Sample-level fields#

Field	Type	Description
`filepath`	`StringField`	Absolute path to the MP4 file
`tags`	`ListField(StringField)`	`["train"]` or `["test"]`
`sequence_id`	`StringField`	Recording run identifier (`"0"`–`"8"`)
`metadata`	`VideoMetadata`	Auto-populated: duration, fps, resolution, frame count

Frame-level fields#

Each frame corresponds to one original RGB image from the dataset. Frames are 1-indexed in FiftyOne.

Field	Type	Description
`frame_number`	`FrameNumberField`	1-indexed position within the video
`location_x`	`FloatField`	Cart X position in the store (metres, ≈ −20 to +20)
`location_y`	`FloatField`	Cart Y position in the store (metres, ≈ −9 to +8)
`orientation_u`	`FloatField`	Camera heading unit-vector, X component
`orientation_v`	`FloatField`	Camera heading unit-vector, Y component
`heading_deg`	`FloatField`	`atan2(v, u)` in degrees — see coordinate system below
`zone_id`	`IntField`	Store location class (1–16)

Train / test split#

Split	Sequences	Frames	Duration at 15 fps
Train	0, 1, 2, 4, 6, 8	13,360	≈ 15 min total
Test	3, 5, 7	6,171	≈ 7 min total

Sequences were recorded independently on different occasions. The split is at the sequence level, ensuring no temporal overlap between train and test.

Video encoding#

Videos are encoded with H.264 / yuv420p at 15 fps (original capture rate: 50 fps, so playback is ≈ 3× slower than real time). This makes the cart’s motion easy to inspect frame-by-frame in the FiftyOne App. Frame-level annotations are aligned to the 15 fps video — frame n in the video corresponds to row n in the sorted annotation file for that sequence.

Store coordinate system#

The coordinate origin is a fixed reference point inside the store. Axes are in metres:

Axis	Range	Direction
X	−20.2 to +19.8 m	Left → Right
Y	−9.5 to +8.0 m	Bottom → Top

(orientation_u, orientation_v) is a 2D unit vector in the store’s XY floor plane (u² + v² ≈ 1.0). The derived field heading_deg = atan2(v, u) gives a compass-style angle: 0° = East (+X), 90° = North (+Y), ±180° = West (−X), −90° = South (−Y).

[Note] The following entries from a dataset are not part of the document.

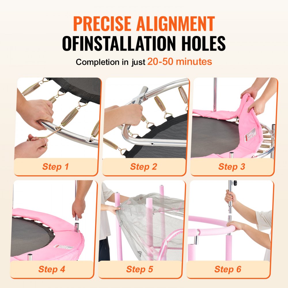 Lona de salto mejorada: La lona de salto está integrada con una falda de seguridad, que presenta un diseño robusto para una mayor protección. Con 36 resortes que soportan un peso máximo de 120 kg(265 lbs), nuestro trampolín de ejercicio para niños garantiza la seguridad durante cada salto. Seis postes de seguridad, una red de protección de 360° y una cremallera en forma de U brindan protección integral para su hijo.
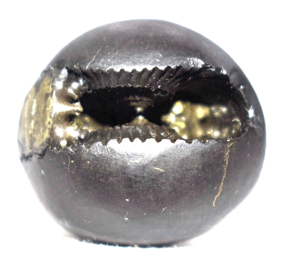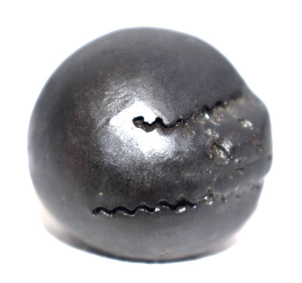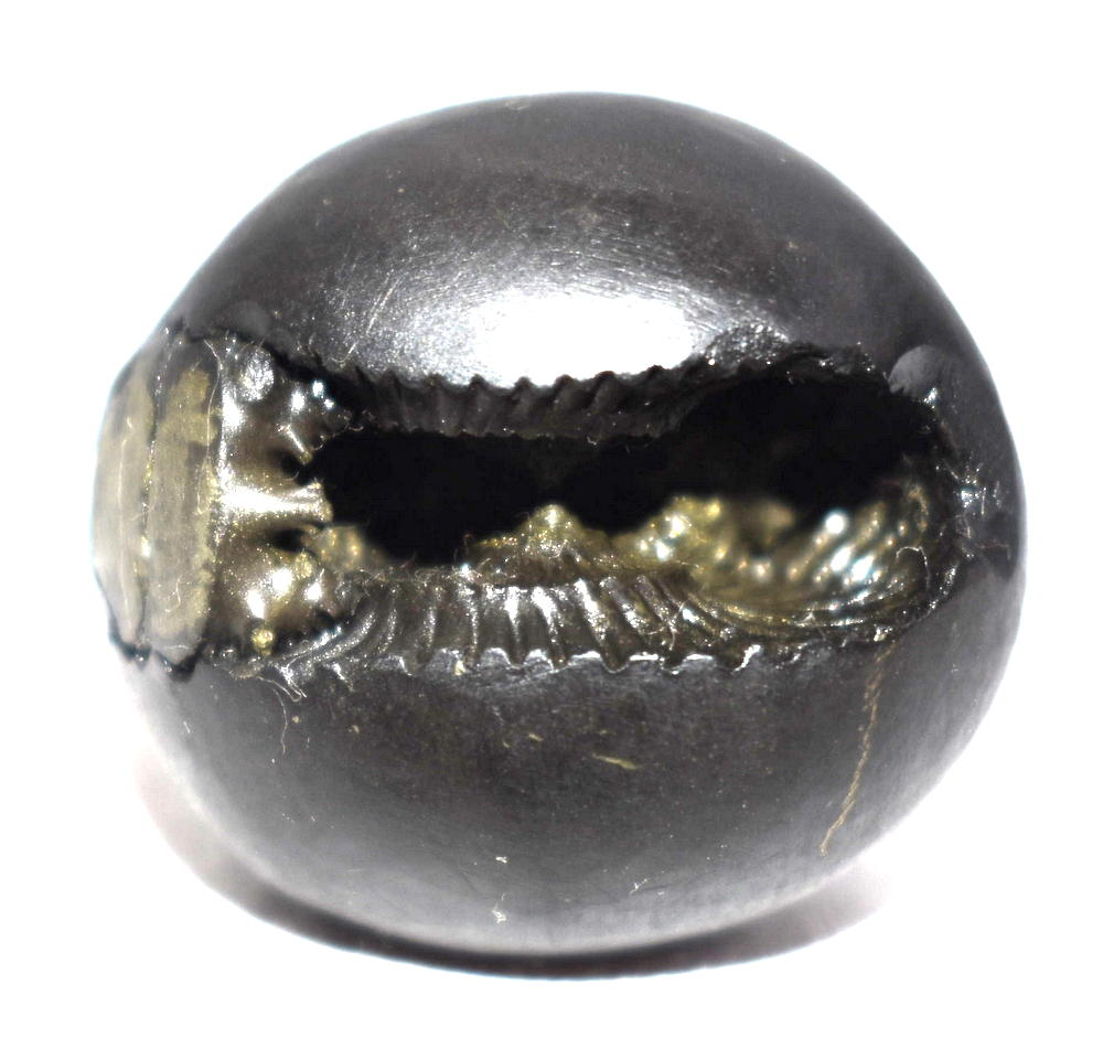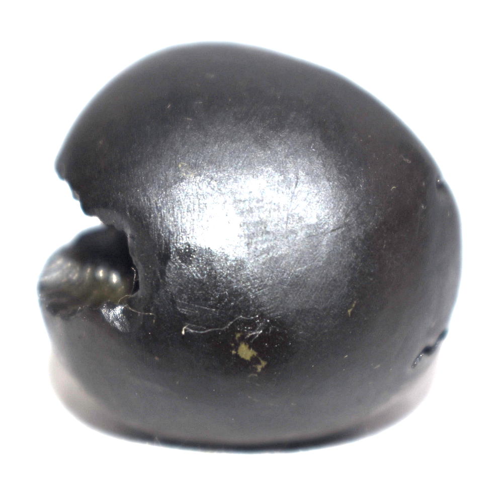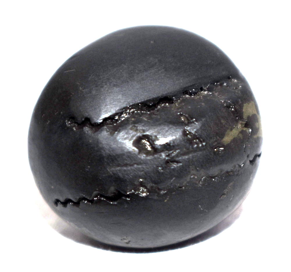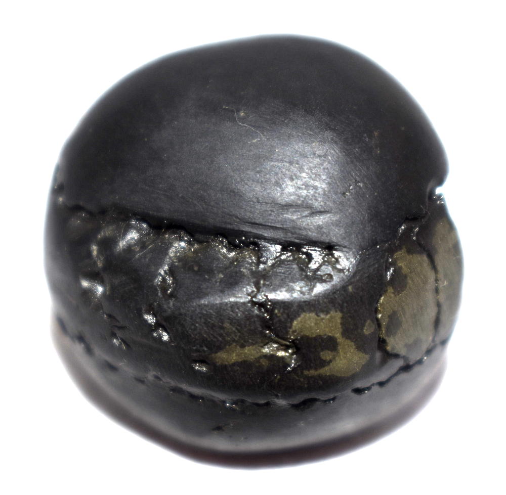 Round shape , Small Size ,Black color ,smooth and shiny body , single elongated opening with two clear chakras , golden spots on chakra , mark of golden fangs  , mark of vanamala , and snuhi pushpa sign , golden dots .
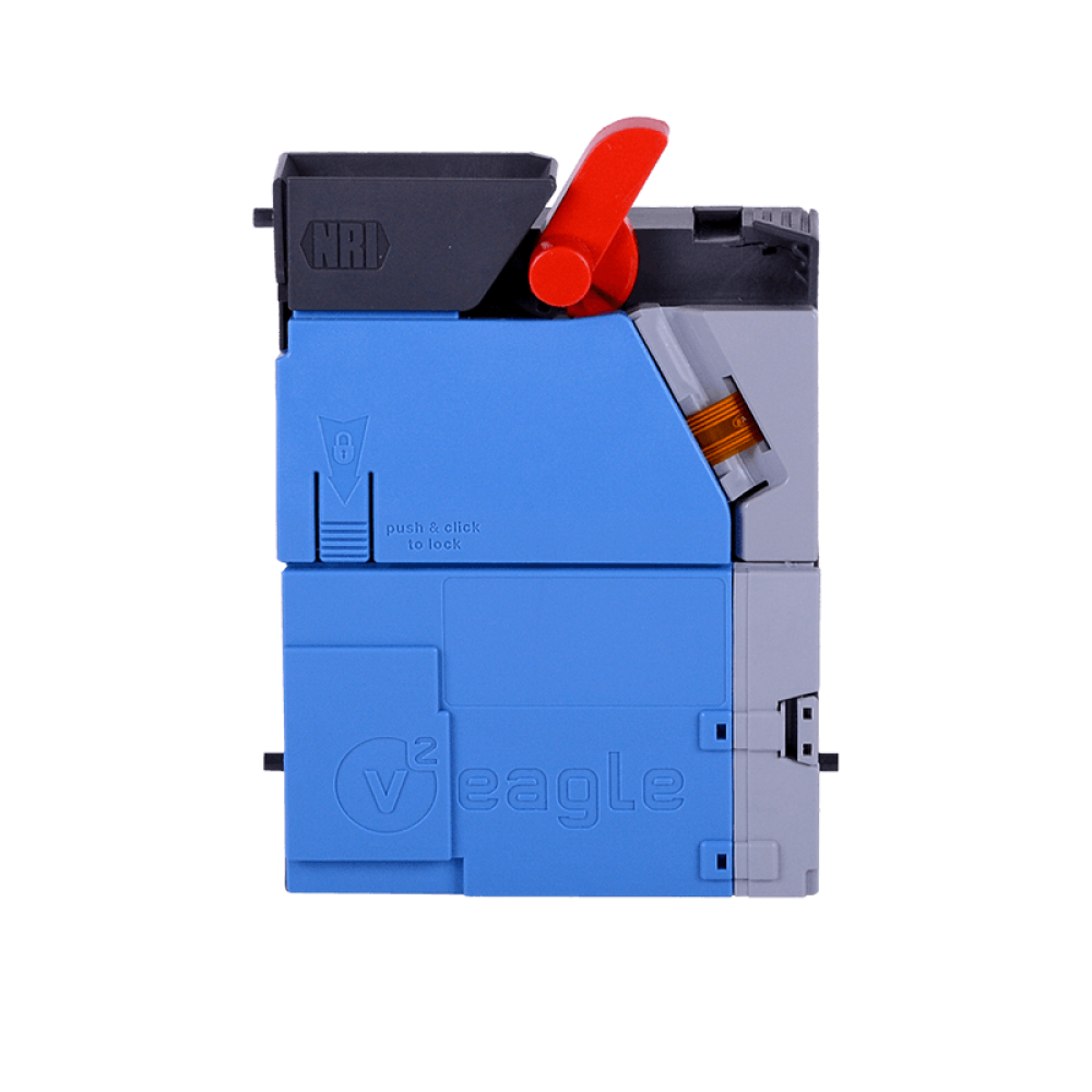 Walidator monet NRI v² eagle™ wyznacza standardy dzięki wysokiemu poziomowi bezpieczeństwa i niezwykle elastycznej architekturze. Ten 5-calowy akceptor monet oferuje walidację MFT (Multi-Frequency Technology) zapewniającą najwyższy dostępny poziom bezpieczeństwa monet. Dzięki różnym opcjom wprowadzania i sortowania monet jest to nasze najbardziej elastyczne rozwiązanie. Czujnik zapobiegający zacinaniu się, umożliwiający szybkie wprowadzanie monet, sprawia, że jest to idealne urządzenie do szerokiej gamy zastosowań, w których ważna jest szybkość.
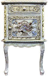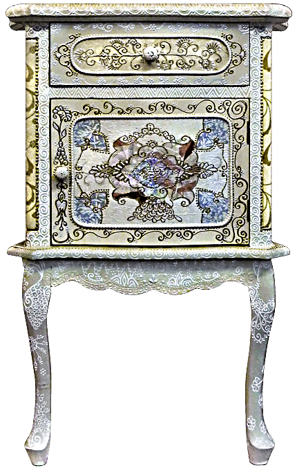 Reichverzierte Kommode, gehalten in Buttercreme-Valeurs und somit bestens als Zierde des Salons für die gehobene Kaffeegesellschaft geeignet. Versand 15,00 Euro
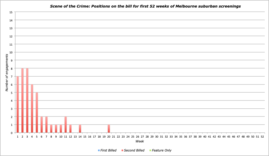 Notes: A high quality second feature from MGM, one that would have been a worthy top-biller for Hoyts on Tuesday nights but which got out of the support ghetto (almost always with its city partner, Conspirator) for its Melbourne duration on the Independent circuit. Still, the number of weeks it played provided enough points to just put it over the line into the top half of EF rankings for the year.
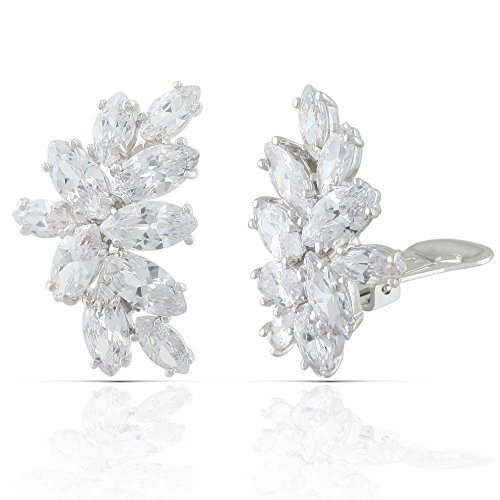 JanKuo Jewelry Rhodium Plated Bridal Marquise Floral Cubic Zirconia Clip On Earrings
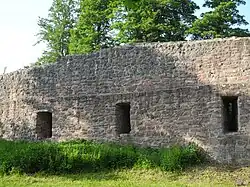 | Erhaltungszustand | Umfassungsmauern, Turmrest, Graben und Wall | |
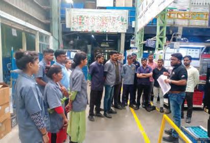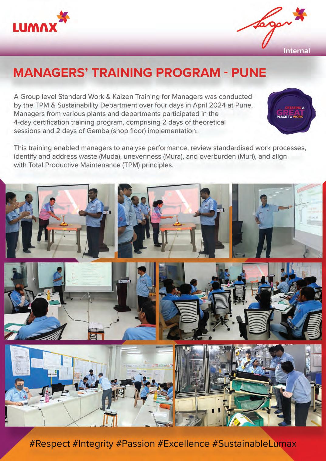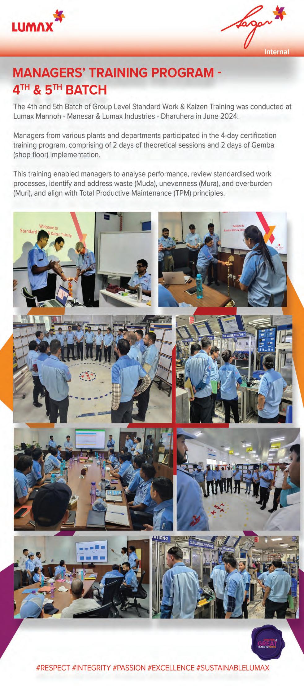 empowering managers to analyse performance, review standardised work processes, and identify and address waste (Muda), unevenness (Mura), and overburden (Muri). This training also emphasised alignment with Total Productive Maintenance (TPM) and Sustainability principles. The comprehensive 4-day certification program included 2 days of theoretical sessions followed by 2 days of Gemba (shop floor) implementation.
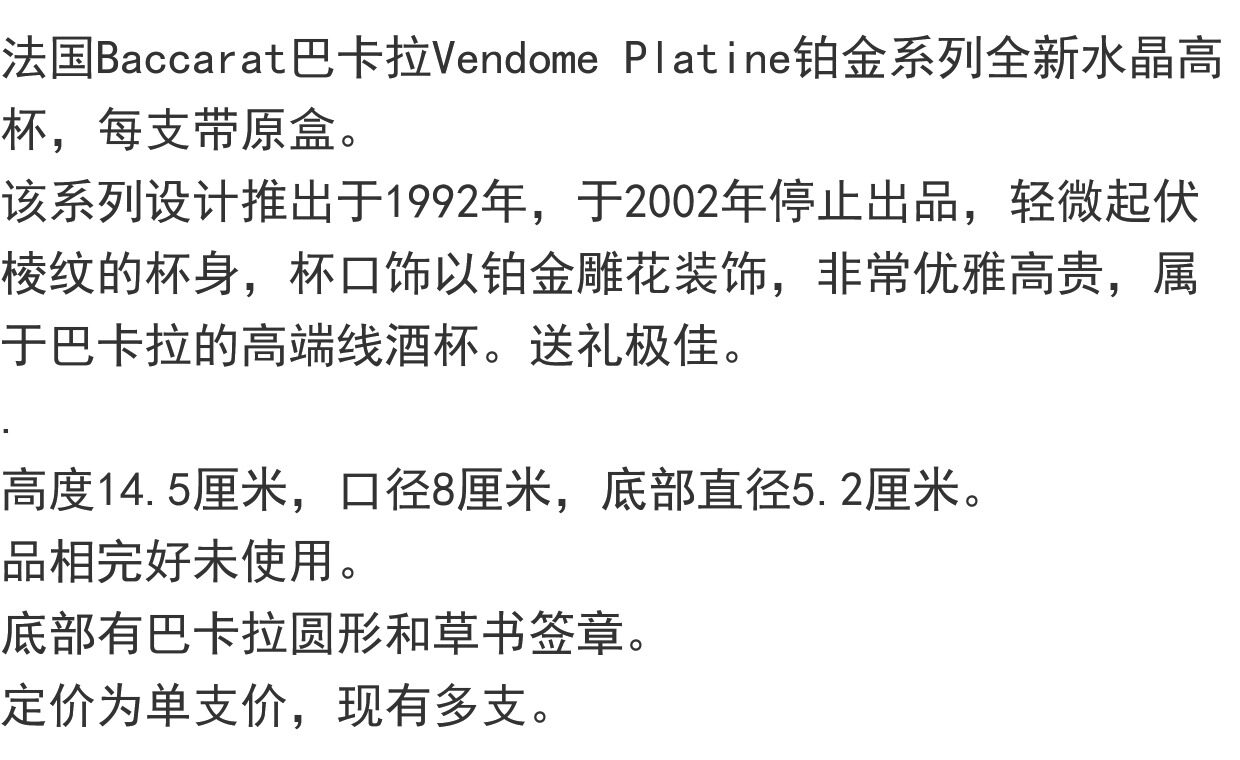 Новая коробка Baccarat/Bakara Vendome Platine Platinum Series Crystal High Cup
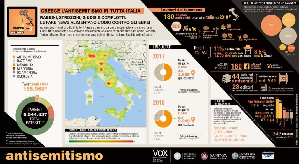 Guardando più da vicino i dati legati all’antisemitismo nel nostro paese, è emerso che dal maggio al novembre 2017 ci sono stati 8.854 tweet negativi contro gli ebrei, mentre dal marzo al maggio 2018 erano 6.566. Essi erano concentrati prevalentemente in 4 città: Milano, Roma, Bologna e Firenze, con picchi minori a Torino, Venezia e Napoli.
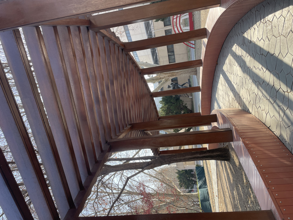 A unique perspective under a wooden pergola with repeating slats. Outside the structure, trees with sparse branches and a building are visible. A circular bench curves around a walkway paved with irregular stones. A bronze statue stands near the walkway, adding an artistic element to the outdoor setting. Sunlight filters through the pergola, casting shadows on the bench and walkway.
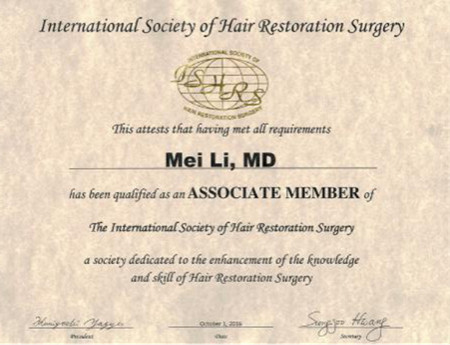 系中国大陆地区首位美国植发外科委员会ABHRS认证医师,同时是国际植发协会ISHRS会员(大陆仅数人)、亚洲毛发修复外科协会AAHRS会员、中国整形美容协会毛发医学分会会员。2017年、2018年,先后代表莱森植发出席了国际植发协会奥兰多手术研讨会(OLSW)和世界手术研讨会(WLSW),是大陆医疗机构、医师首次受邀参加该系列会议。

The store aisles run primarily North–South, so most frames show heading values near ±90°. The cart reverses direction between adjacent aisle lanes (serpentine route), which is clearly visible as alternating heading clusters in each sequence.

Store zone distribution#

Zones 1–9 are sequential single-aisle sections along the central spine from left to right. Zones 10–16 are larger structural zones (perimeter walkways, wide sections).

Zone	Description	Train frames	Test frames
1	Left aisle zone 1	311	173
2	Left aisle zone 2	244	131
3	Left aisle zone 3	241	177
4	Left aisle zone 4	278	117
5	Left aisle zone 5	665	174
6	Center aisle zone 6	403	217
7	Center aisle zone 7	394	201
8	Center aisle zone 8	266	190
9	Right aisle zone 9	366	235
10	Right half aisles	1,722	751
11	Back wall aisle (full width)	1,610	658
12	Right wall	1,355	409
13	Bottom right	897	456
14	Bottom left	1,138	788
15	Central bottom aisle (full width)	2,668	1,130
16	Left wall	802	364

Zone distribution is imbalanced: zone 15 is the most frequent because the cart must traverse the full-width bottom aisle when moving between the two halves of the store. Zones 1–4 are the rarest.

Dataset Creation#

Curation Rationale#

Indoor localisation from images is a practically important but data-scarce problem. At the time of publication, existing datasets were too small, collected in corridor environments, or lacked ground-truth poses. EgoCart provides a large, real-world retail benchmark with accurate 3-DOF pose annotations to enable reproducible benchmarking of image retrieval and pose regression methods.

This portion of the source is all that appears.